What is expected: Copy the data precisely, character for character, and leave out every picture.

Exercise data Start Marker

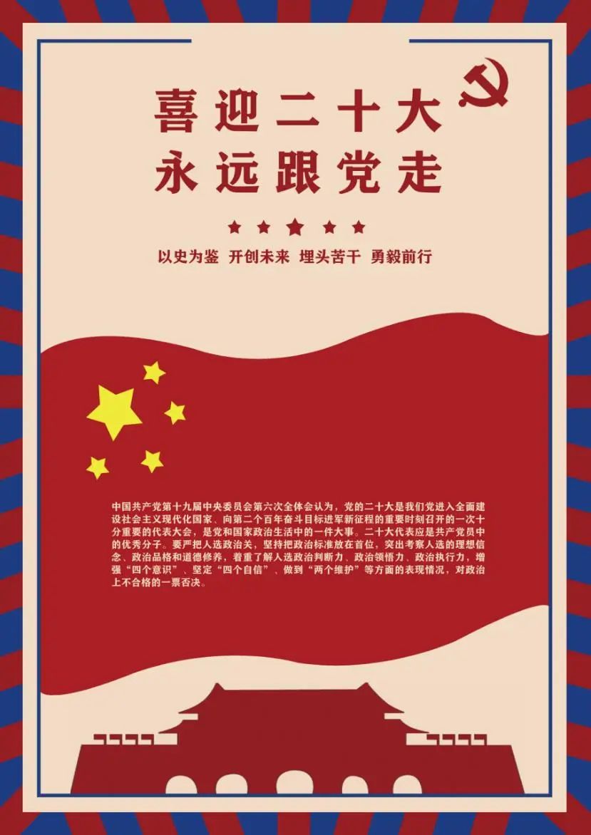 为展现新时美院学子的风采,激励全体师生“高举党旗永远跟党走”。在党的二十大即将召开之际,太阳集团美术学院开展了“喜迎党的二十大,开启新征程”海报设计活动,以艺术作品的形式抒发对党的无限热爱,彰显着坚守初心、永远跟党走的决心,向党的二十大献礼。
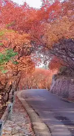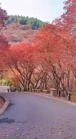 Following the winding path, sunlight filters through the gaps in the maple leaves, creating patches of dappled light✨. The babbling brook by the roadside, reflecting the red leaves, forms a stunning landscape painting.
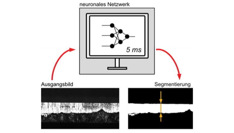 Die automatisierte Bestimmung der Qualität der Glattschnittfläche erfolgt mithilfe von neuronalen Netzwerken. Nur diese Bildverarbeitungstechnik schafft es, die anspruchsvolle Segmentierungsaufgabe der Schnittfläche robust und schnell zu lösen – trotz schwankender Intensitäten, veränderlicher Textur, Einrissen und Inselbildung. Und das sogar im Fertigungstakt von bis zu 250 Teilen pro Minute! Trainiert wurde das Netz mit Daten aus einem Langzeit-Stanzexperiment, aber zur Verifizierung wurden unterschiedliche Bilddaten aus verschiedenen Experimenten herangezogen. Nach den ersten Ergebnissen scheint die Methode sehr zuverlässig zu sein.
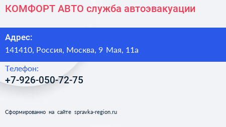 КОМФОРТ-АВТО, служба автоэвакуации по адресу 141410, Россия, Москва, 9 Мая, 11а в дальнейшем Организация, размещена в следующих категориях:
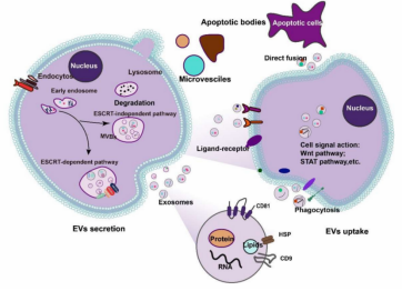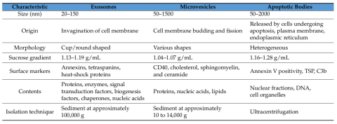到目前為止,細胞基本上釋放出三種EV亞型:外泌體、微囊泡(MVs)和凋亡小體,直徑分別為20-150nm、50-1000nm和大于1000 nm[4]。下表總結(jié)了EVs的特點。
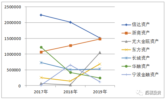 從整體上看,18年持牌AMC受讓銀行資產體量最小;從個體上看,信達資產、華融資產逐年減少 ;浙商資產、東方資產、光大金甌資產逐年增加,尤其光大金甌資產和東方資產19年增加最顯著。
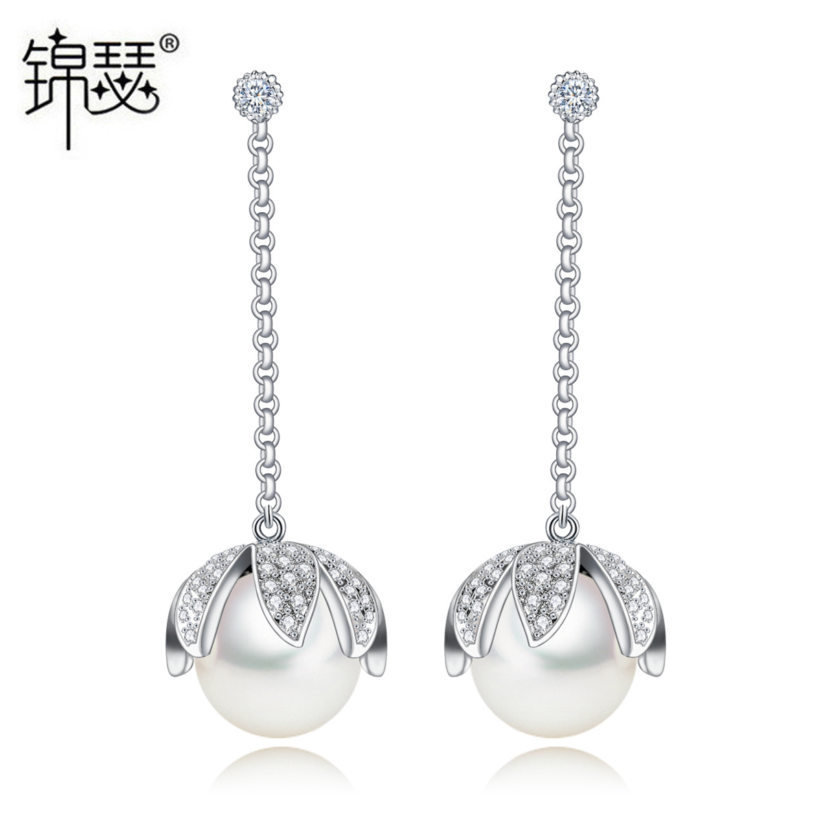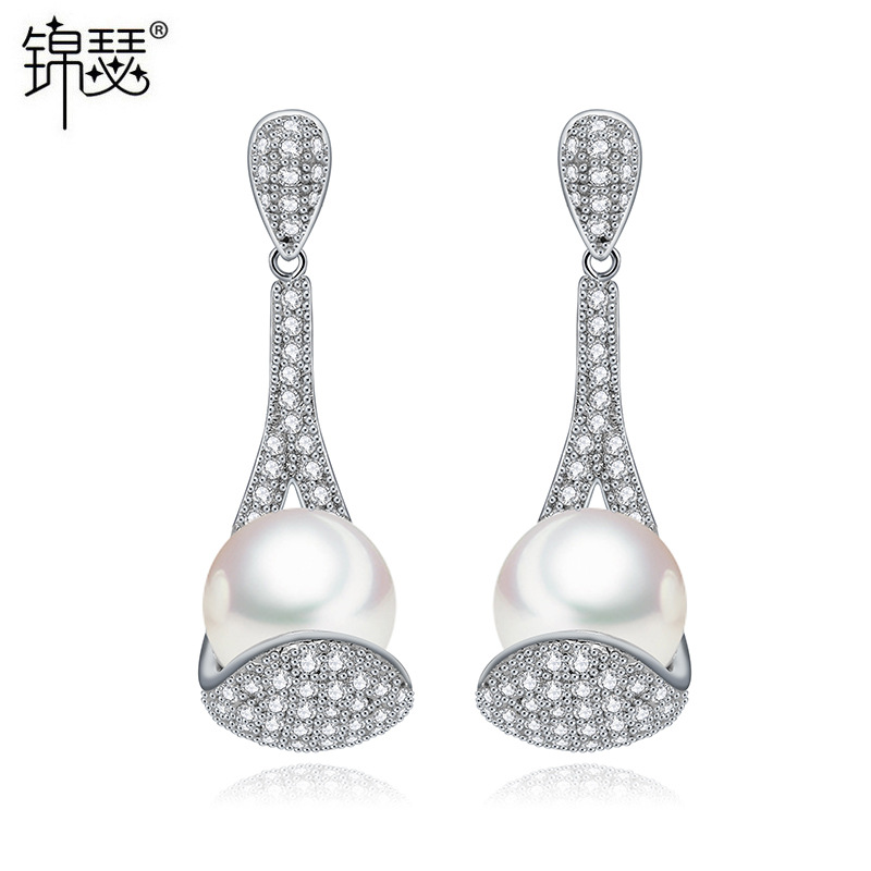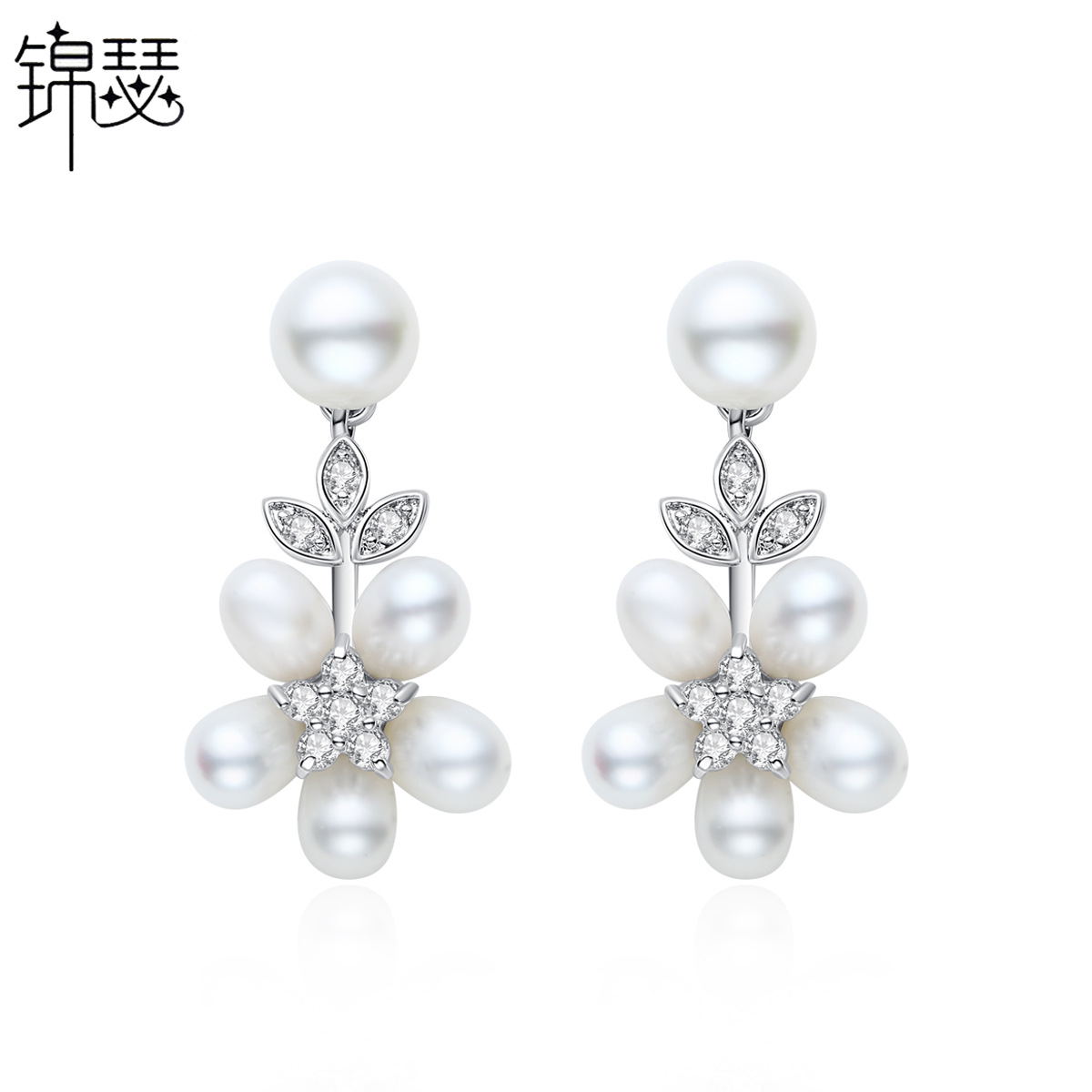 錦瑟淡水真珠花イヤリング銅にジルコンを入れたイヤリングファッション韓国風シンプルファッション小衆耳飾り
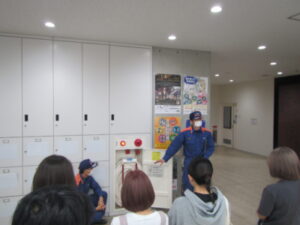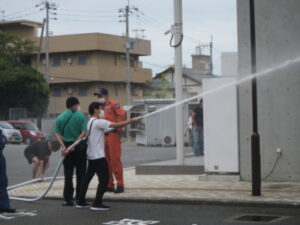 之後,消防隊員對室內消火栓的使用進行了說明,作為在室外活動,進行了使用室內消火栓的放水訓練以及使用水滅火器的滅火訓練。
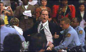 英國廣播公司的消息說,鮑威爾批評津巴布韋和提到美國如何應(yīng)付環(huán)境變化的時候,遭與會者嘲笑。多次噓聲和“布什可恥”的口號聲使他不得不中斷了當(dāng)天的發(fā)言。
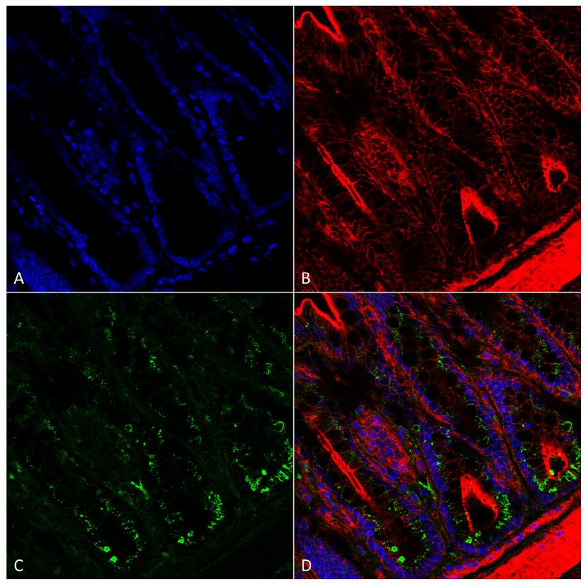 Immunohistochemistry: Formalin-fixed and paraffin-embedded Mouse colon tissue stained with ARG22636 anti-O-GalNAc + O-GlcNAc antibody [9B9] (green) at 1:25 dilution for 1 hour at RT. (A) DAPI (blue) for nuclear staining. (B) Phalloidin Alex Fluor 633 (red) for F-Actin staining. (C) Primary antibody. (D) Composite.
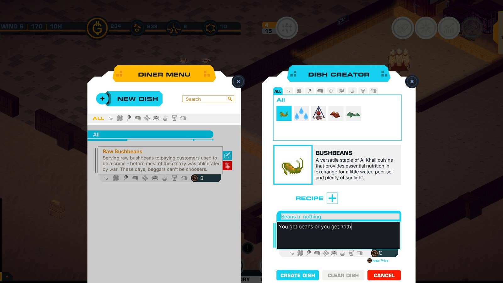 На страницах Steam и Itch.io игры «Diner at the End of the Galaxy» с гордостью объявляют, что вы можете выращивать редкие ингредиенты, разрабатывать меню для искушения вкусовых рецепторов пришельцев и раскрывать скрытые богатства далеких галактик! После создания своей кухни и небольшого участка для выращивания культур я узнал, что могу изобретать собственные блюда. Интересно, однако, что «бобы» уже присутствуют в предлагаемом меню.
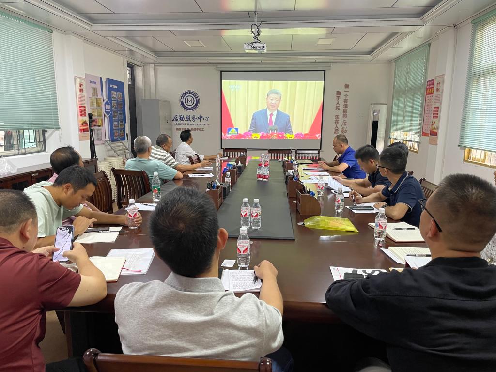 会议最后,全体党员集体观看了《习近平在庆祝中华人民共和国成立75周年招待会上的讲话》视频。
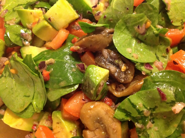 TillbakaChampinjon och avokadosallad med smak av vitlök och chili

Exercise data End Marker

The completed task:
 为展现新时美院学子的风采,激励全体师生“高举党旗永远跟党走”。在党的二十大即将召开之际,太阳集团美术学院开展了“喜迎党的二十大,开启新征程”海报设计活动,以艺术作品的形式抒发对党的无限热爱,彰显着坚守初心、永远跟党走的决心,向党的二十大献礼。
 Following the winding path, sunlight filters through the gaps in the maple leaves, creating patches of dappled light✨. The babbling brook by the roadside, reflecting the red leaves, forms a stunning landscape painting.
 Die automatisierte Bestimmung der Qualität der Glattschnittfläche erfolgt mithilfe von neuronalen Netzwerken. Nur diese Bildverarbeitungstechnik schafft es, die anspruchsvolle Segmentierungsaufgabe der Schnittfläche robust und schnell zu lösen – trotz schwankender Intensitäten, veränderlicher Textur, Einrissen und Inselbildung. Und das sogar im Fertigungstakt von bis zu 250 Teilen pro Minute! Trainiert wurde das Netz mit Daten aus einem Langzeit-Stanzexperiment, aber zur Verifizierung wurden unterschiedliche Bilddaten aus verschiedenen Experimenten herangezogen. Nach den ersten Ergebnissen scheint die Methode sehr zuverlässig zu sein.
 КОМФОРТ-АВТО, служба автоэвакуации по адресу 141410, Россия, Москва, 9 Мая, 11а в дальнейшем Организация, размещена в следующих категориях:
到目前為止,細胞基本上釋放出三種EV亞型:外泌體、微囊泡(MVs)和凋亡小體,直徑分別為20-150nm、50-1000nm和大于1000 nm[4]。下表總結(jié)了EVs的特點。
 從整體上看,18年持牌AMC受讓銀行資產體量最小;從個體上看,信達資產、華融資產逐年減少 ;浙商資產、東方資產、光大金甌資產逐年增加,尤其光大金甌資產和東方資產19年增加最顯著。
 錦瑟淡水真珠花イヤリング銅にジルコンを入れたイヤリングファッション韓国風シンプルファッション小衆耳飾り
 之後,消防隊員對室內消火栓的使用進行了說明,作為在室外活動,進行了使用室內消火栓的放水訓練以及使用水滅火器的滅火訓練。
 英國廣播公司的消息說,鮑威爾批評津巴布韋和提到美國如何應(yīng)付環(huán)境變化的時候,遭與會者嘲笑。多次噓聲和“布什可恥”的口號聲使他不得不中斷了當(dāng)天的發(fā)言。
 Immunohistochemistry: Formalin-fixed and paraffin-embedded Mouse colon tissue stained with ARG22636 anti-O-GalNAc + O-GlcNAc antibody [9B9] (green) at 1:25 dilution for 1 hour at RT. (A) DAPI (blue) for nuclear staining. (B) Phalloidin Alex Fluor 633 (red) for F-Actin staining. (C) Primary antibody. (D) Composite.
 На страницах Steam и Itch.io игры «Diner at the End of the Galaxy» с гордостью объявляют, что вы можете выращивать редкие ингредиенты, разрабатывать меню для искушения вкусовых рецепторов пришельцев и раскрывать скрытые богатства далеких галактик! После создания своей кухни и небольшого участка для выращивания культур я узнал, что могу изобретать собственные блюда. Интересно, однако, что «бобы» уже присутствуют в предлагаемом меню.
 会议最后,全体党员集体观看了《习近平在庆祝中华人民共和国成立75周年招待会上的讲话》视频。
 TillbakaChampinjon och avokadosallad med smak av vitlök och chili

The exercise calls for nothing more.